There is a huge difference between existing and living. For much of the last 8 years our family was breathing and existing but we weren’t living. I was disengaged most of the time, trying to escape reality by being over involved in work, projects, and leisure enjoyments. There were many titles and roles I was comfortable with but father of a special needs child was not one of them. I didn’t have a road map for what I was supposed to do or how to act.
Then the summer of 2011 came. There were two catalytic moments that changed our (specifically my) life and our relationship to Duchene’s. The first was going to a family camp put on for special needs families by Joni and Friend’s ministry. Our church had tried talk our family into going for 3 years. I had drug my feet and not wanted to do it, I was very uncomfortable with the thought of going to a place where I would have to face reality for a week. I was voted down 4-1 in our family vote for attending the camp. It was that week that began the reengagement for me. Seeing and meeting other fathers who had dealt with the same moments I had was therapeutic. We laughed, cried and bonded so quickly over our common crisis in life. Seeing these examples was what I needed.

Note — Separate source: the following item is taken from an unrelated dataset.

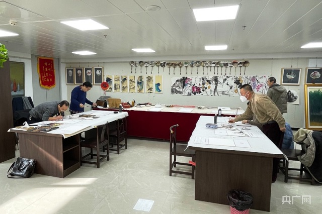 市民在美术馆内进行书画创作(央广网发 庆阳市委宣传部 供图)

The other moment that changed our perspective was when we received a call from a local foot doctor who asked if he could have Kyle do a sprint triathlon with him. We(I) had focused so long on Kyle’s limitation that we had not allowed him to live life. The triathlon opened up possibilities that we never had thought of before. After the triathlon Kyle began asking to do activities like sky diving he had never known before. Our conversations began to center on how Kyle can do something rather than lamenting why he couldn’t.
Today is such an important day in Kyle’s life, because we can’t wait. We can’t wish that he didn’t have this disease, we can’t feel sorry for ourselves or for Kyle.
Matthew 6:34- “So don't worry about tomorrow, for tomorrow will bring its own worries. Today's trouble is enough for today.”
We can’t wake up every morning scared of the future, we can’t dwell on all the horrific moments, but rather have peace in the moments of today. Today is a great day, we have the privilege and opportunity to spend it with Kyle. Each day brings laughs, tears, moments that will never be forgotten.
I have missed out on moments in Kyle’s life do to my fear and trepidation about his future. No his life didn’t turn out the way I expected but no child’s does. I believe that Kyle is fearfully and wonderfully made by a creator who knows and loves him. Jill and I have been entrusted with Kyle’s life and as difficult it is we have made the choice that we are going to live one day at a time and not allow Duchene’s to have the last word in our life. Yes it is a reality, but it is not going to steal our joy, peace, and break up our family. Kyle will have a great day today and that is what we are going to focus on.